Australian Andrew Nielsen of Le Grappin is one of these – working in publishing, he was inspired by a bottle of Dujac’s Clos de la Roche and went off to get experience in making wine from all around the world. California, Central Otago and Yarra Valley were three of the stops on his educational trip, before Andrew met Patrick Bize in Burgundy and his fate was sealed. Andrew decided he wanted to make wine in Burgundy, but decided that he was all about small parcel wine. This means that some of his wines may only have two barrels made of them, but across the board from his ‘Du Grappin’ range (fun, daily drinkers) to his Premier Cru Beaune Greves, Andrew’s wines show elegance, precision and balance.

Perhaps one of the most famous first generation winemakers is Bo Barrett of Chateau Montelena. His lawyer father, Jim, was brought in as a partner at Montelena when Lee and Helen Paschich bought the Napa property in 1968. Jim assumed 90% control of Montelena just four years later and Bo, already an adult (which is why I consider him a first gen winemaker), was installed as assistant to learn from winemaker Mike Grgich.

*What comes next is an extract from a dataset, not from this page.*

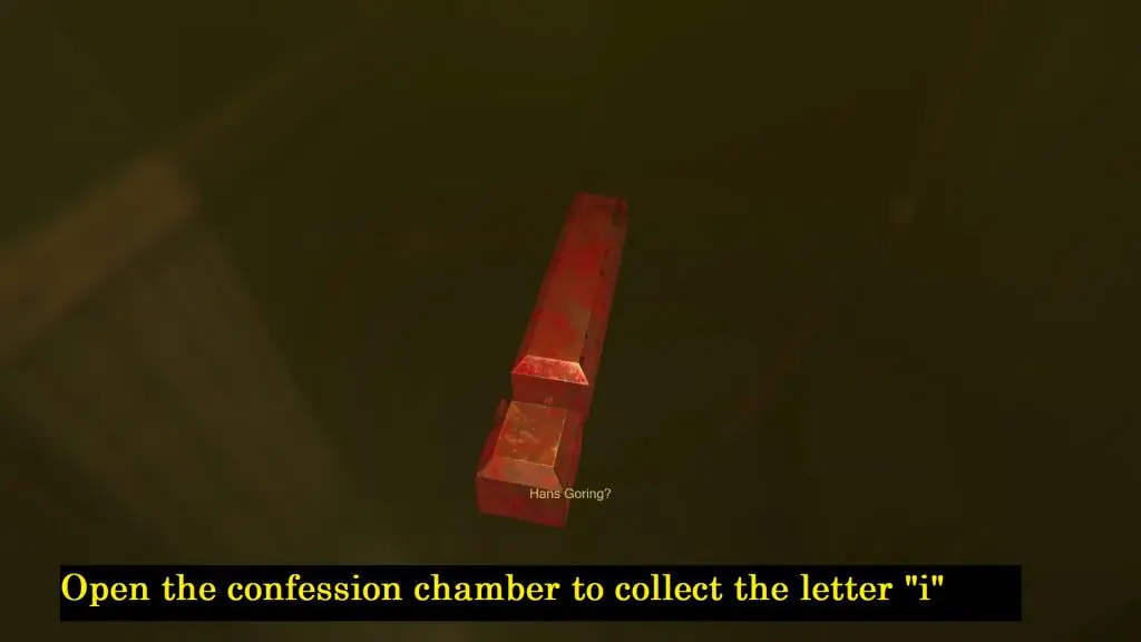 Time travel to 1951 and open the confession chamber with the key. Collect the letter “i” from the chamber.

Their 1973 Chardonnay famously won the Judgement of Paris in 1976, and made the company famous, ultimately resulting in a movie being made of the story starring Alan Rickman as Steven Spurrier and Chris Pine as Bo Barrett.

Finally, there is Peter Crawford. Born into a farming family, he fell in love with Champagne when he and I were running Oddbins in St Andrews in the early 2000s. Drinking Pol Roger with our friend (and first gen winemaker Richard Bray) in the storeroom, his eyes were opened to this fabulous drink and it became his life’s passion. Moving away from the wine trade, he trained as a physiotherapist and being based in London, meant that visiting Champagne was relatively easy and his trips were frequent. Getting to know everyone in Champagne resulted in him establishing a Champagne importing company, but the bug to make something caught him. Returning back to his home in Fife, he started making champagne… but with apples! The Naughton Cider Company is based near Wormit and while his products may carry the name ‘cider’ on the label, they really are wines that happen to be made out of apples! His style is deliberately vinous, using champagne production methods, ageing his wines before release and using a combination of tank and barrel. When you visit his tiny winery you aren’t bombarded with aromas of apples, you get all the aromas of a winery in northern Portugal – furthering the argument that he is a winemaker, not a cidermaker!

On first glance, there is nothing to link these three people. A bombastic Australian publisher, an older American gentleman with a soup-catcher and a Scottish polo player with ‘ham-like forearms’ (a quote from a Daily Mail article on him 7 years ago!) but each one of them were drawn to making wine for a reason. The only question is, "was it fate, was it luck, or was it Karma?